About 200,000 people in Sweden work as employed teleworkers, in that they work one to four days per week at home, sometimes occasionally, with or without the employer's equipment, and with or without the employer's consent. The rest of the week they work at their employers' workplace, where they have their ordinary work station. Most teleworkers today are professionals with skilled jobs using information technology (IT), rather than the traditional home workers using no IT, such as women doing unskilled secretarial work, or teachers preparing lessons for the next day's work at school.

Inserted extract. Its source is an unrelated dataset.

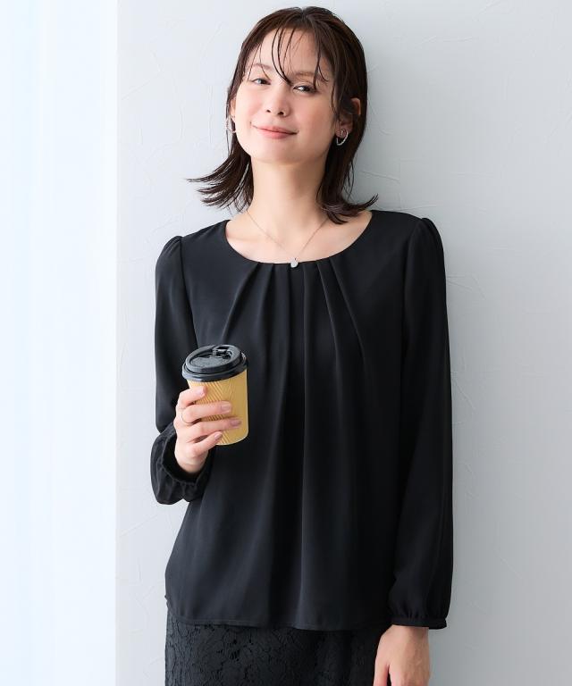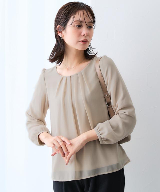 【シンプルなのにほんのり華やぐフロントタックブラウス】カットソー素材裏地付きだから、ほんのりシアーなシフォン素材をたっぷり楽しんで。 ■ポイント ・働く服改革「オフィス女子モニター」さんのご要望でつくったブラウス。 ・人気のシフォン前タックブラウスがゴムなし裾になって登場。 ・大きいサイズも新たに展開しました。 ■デザイン ・着映えながら、ふんわり体型カバーする胸もとのフロントタックデザイン。 ・ゴムのないフラットな裾。 ・透けにくいカットソー裏地付き。 ■素材 ・表地は上品な質感でオフィス使いにぴったりのシフォン素材。 ・裏地は着心地のいいカットソー素材。 ・UVカット機能付き。 ・洗濯機洗いOKなお手入れ簡単素材。 ■おすすめのスタイリング ・胸もとのタックを生かしたジャケットインがおすすめ。 ・パンツでもスカートでも、ボトムを選ばずすっきり決まります。 〜7days Life Styling〜 仕事の日、休日、イベントの日まで、 働く女性の毎日を商品やコンテンツを通して、 自分らしく快適でいられる“働く服改革”をサポートします。

This broad picture refers to the situation of telework in Sweden as a whole. However, a recent study of the current teleworking situation at the Swedish National Energy Administration (Statens Energimyndighet, STEM) suggests a somewhat different picture. Michael Allvin, a researcher at the National Institute for Working Life (Arbetslivsinstitutet, NIWL) has examined how telework was established at STEM, where a large part of the workforce now works at home for a couple of days a week in relatively controlled forms of teleworking ('Telework: An instrument of freedom or control?', M Allvin, Work life in transition 2001:10, NIWL, Stockholm)

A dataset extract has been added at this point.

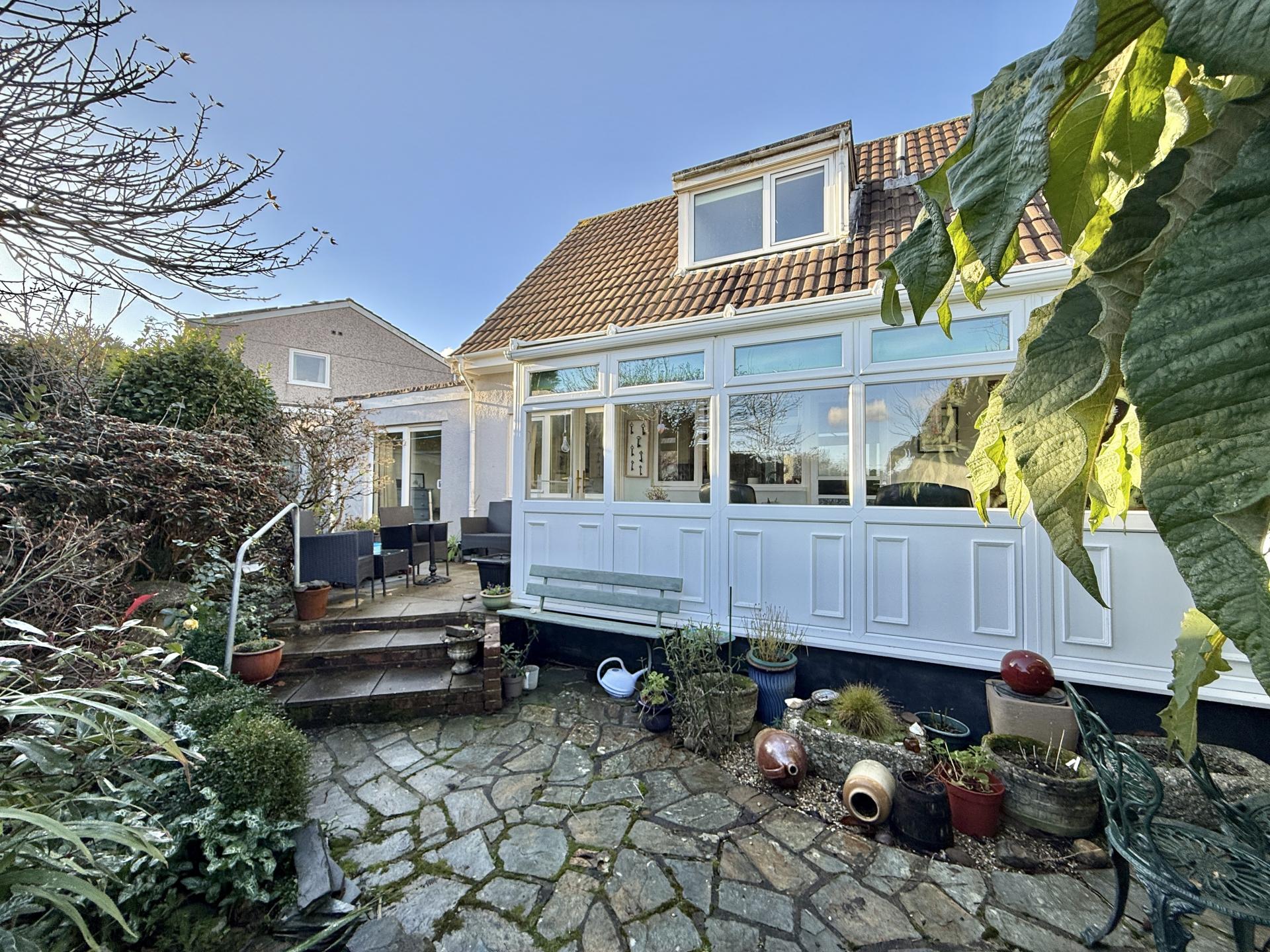 A well presented semi-detached three bedroom home on Courtlands Road in Tavistock. The property has been owned by the current vendor for 35 years and has been extended to suit downstairs living, with a downstairs bedroom and shower room - so could be ideal for multi-generational living as there are two further bedrooms and a bathroom upstairs. You enter to a useful porch then into a spacious entrance hall with under stairs storage cupboard. To the left is a contemporary sitting room with a stylish gas fireplace and large picture window to the front. Double doors at the rear lead out to a large conservatory which overlooks the garden. There is a well equipped kitchen plus a second reception room currently used as a dining room. This room has an archway leading into the ground floor bedroom, so could also make a great second sitting room. The bedroom is a bright space with sliding patio doors onto the garden and a modern en-suite shower room. Upstairs are two double bedrooms, one a particularly good size, and a bathroom with a corner bath and far reaching views to the Moors.

STEM is the central administrative authority for matters concerning the supply and use of energy. It was established as an independent authority in 1998, after having been 'hived off' from the Swedish Business Development Agency (Nutek). A year later, after a government decision in line with the current policy of relocating central authorities outside the capital, the whole authority with its 165 employees moved out to Eskilstuna, a small town 110 kilometres south-west of Stockholm.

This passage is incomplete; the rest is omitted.